I’ve looked at a few retirement calculators and the one I feel is the easiest to follow, with realistic estimates, is on CNN Money. This view will show you side by side, how much you will need to retire, and how much you’re on track to have. It will also provide you how much that is in today’s dollars, and how much that will be in future dollars, due to inflation. For example, your dollar today will lose value over time, and could be worth $0.90 in twenty years. Therefore, in order to have the same value of the dollar today, that means you’ll need a $1.10 in twenty years. In other words, you will need more money in the future, to maintain the same value of money you have today.
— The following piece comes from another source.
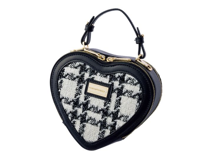 トレンドのツイードを、ハート型のバッグでコーディネートに投入! ラメ糸が織り込まれたツイード生地で、華やぎも十分♡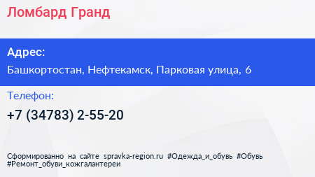 Ломбард Гранд по адресу Башкортостан, Нефтекамск, Парковая улица, 6 в дальнейшем Организация, размещена в следующих категориях:

Remember how your grandparents used to say something like “Back in my day, I could get 5 pieces of candy for a penny.” Well, that’s because that same penny 50 years ago, is now worth around a dime in today’s economy, ten times the amount. What used to cost a penny, now costs a dime.

 

Please keep in mind, that this is simply an estimate for educational purposes. When you’re planning out retirement, it would be best to discuss it with a financial advisor. However, for the DIY and estimate route, this tool will satisfy your needs. You will notice that most quick retirement calculators do not take in to account your expenses, only your income, time, percentage of savings etc. The extent quick calculators may ask is if you plan on living more modestly, about the same or more extravagantly, than your current lifestyle.

 

Most retirement calculators also add in social security into the equation. Millennials’ situation will be different to say the least, when it comes time for us to retire. Social Security is a government construct that will not cease to exist, but will look drastically different compared to our parents and grandparents. From what I’ve read and researched, there is no crystal ball that tells us where Social Security will be in our future. With that in mind, we have to actively prepare for our retirement a lot more than our predecessors, and cannot depend on social security to carry us through our golden years alone. Begin investing in a 401k and/or IRA as soon as you’re able. If your employer provides a 401k match, then take it! Do not leave free money on the table. The more money we invest now, then the more potential growth we can cash in during our retirement.

 

401(k), IRA, Roth IRA, these are terms you may have heard before but never got the break down on what they are and their differences. Allow me to give you a crash course. 401(k) is an employer provided retirement account. If you work for a non-profit company, then you may see a 403(b). These plans allow you to invest a piece of your paycheck before taxes to your retirement. It’s an easy way to get started, and if you don’t see the money hit your direct deposit, then it’s harder to miss it (at least after the first few months).

 

IRA stands for Individual Retirement Account, and it is exactly how it sounds. This is money that you can deposit on your own without your employer.

 

Now the word “Roth” in front of any retirement account to me is like gold. Why? Because Roth means after tax, meaning that when you’re at retirement age, you won’t have to worry about taxing the money you withdraw, because it’s already been taxed. What you see, is literally what you get. However, that does mean you will feel the hit while you are depositing those funds, because you will be taxed right away. I’d rather pay a little as I go along, then have a large tax bill when I’m trying to enjoy my retirement. That’s just my preference.

 

This piece is clearly just a sample on what you’ll need to consider in retirement. However, in our twenties and early thirties, this sample may be able to suffice, and get the ball rolling. Every retirement account has limits as to how much you can deposit a year, based on your income. It is highly recommended that when you’re closer to nailing down the next 30-40 years, that you do a deeper dive with a professional adviser.

 

As always enjoy the rest of your day, and remember a debt sentence doesn’t have to be a life sentence.